|- 187 -|

"Spiffy haircut."

Jasper stands and passes me $60, thinks better of it, says, "Fuck it," and hands me an additional $60.

"What's this?" I laugh.

"Alice. Navel. Nipples. Other…places." He falls into his chair and exhales loudly.

I lean forward, palms on his desk. "What the hell kind of haircut did you get, Jasper Whitlock?"

He waves me off. "Just the regular kind, mostly." His smile broadens. "With a healthy flash of skin à la carte."

I cross my arms over my chest and shake my head judgmentally. "I don't know what kind of an establishment they're running over there."

-o-

"I know, right? Have you seen Carlisle? It's like someone flipped his 'on' switch. You should've seen him floating out of that shampoo chair. Post-orgasmic blissed-out grin and didn't care who saw it." Jasper smiles at the memory.

"So, what? He's dating the shampoo girl now?"

"Yeah! Tomorrow actually," Jasper marvels. "And I'm seeing Alice Thursday."

"Well, hot damn," I answer.

"Hot damn, what?" Both our heads turn to Emmett in the doorway. "Nice style, Jas. Bella do that?"

"No, man, I got my own."

Hand on hip, Emmett scowls. "How come I'm the only one without a hot hairdresser?"

-o-

Jasper chuckles. "I think you'll have to talk to your wife about that, Em."
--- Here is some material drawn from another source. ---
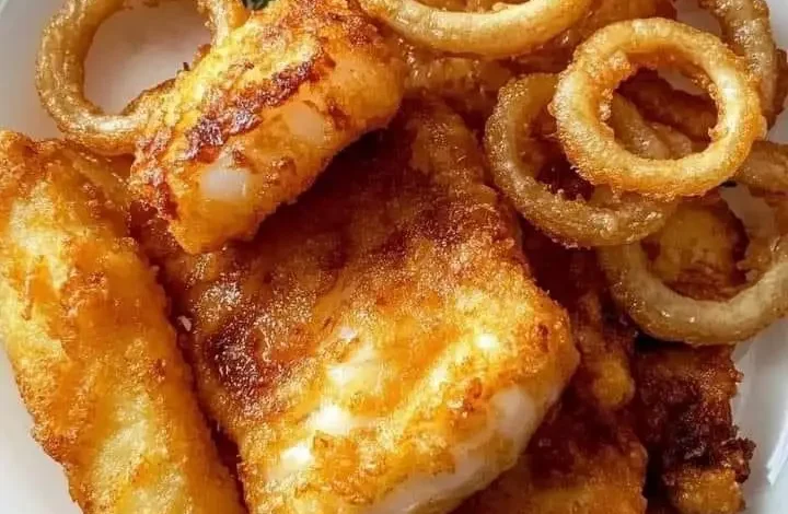 Flaky, golden, and satisfyingly crisp—this dish is comfort food done right. When those crunchy cravings strike, this pairing of tender fried cod and seasoned onion rings delivers the ultimate indulgence. It’s perfect for a cozy family dinner, a weekend splurge, or a crowd-pleasing game-day meal. 🧾 Ingredients For the Crispy Cod Cod fillets – 4 (6 oz each) All-purpose flour – 1 cup Panko breadcrumbs – 1 cup Cornmeal – ½ cup Paprika – 1 tsp Garlic powder – ½ tsp Onion powder – ½ tsp Salt – ¼ tsp Black pepper – ¼ tsp Eggs – 2 large Vegetable…

"Aw shit, you know Rosie'll never go for it. I'm barber shop bound for the rest of my hairy days."

Emmett looks so miserable I have to stifle a laugh.

"Aside from marriage counseling, what can we do for you?" Jasper asks.

"I came to talk to Edward about this new bed. The curved headboard's a bitch. Fucker's gonna snap right off unless we can find some cost-effective way to reinforce it from below."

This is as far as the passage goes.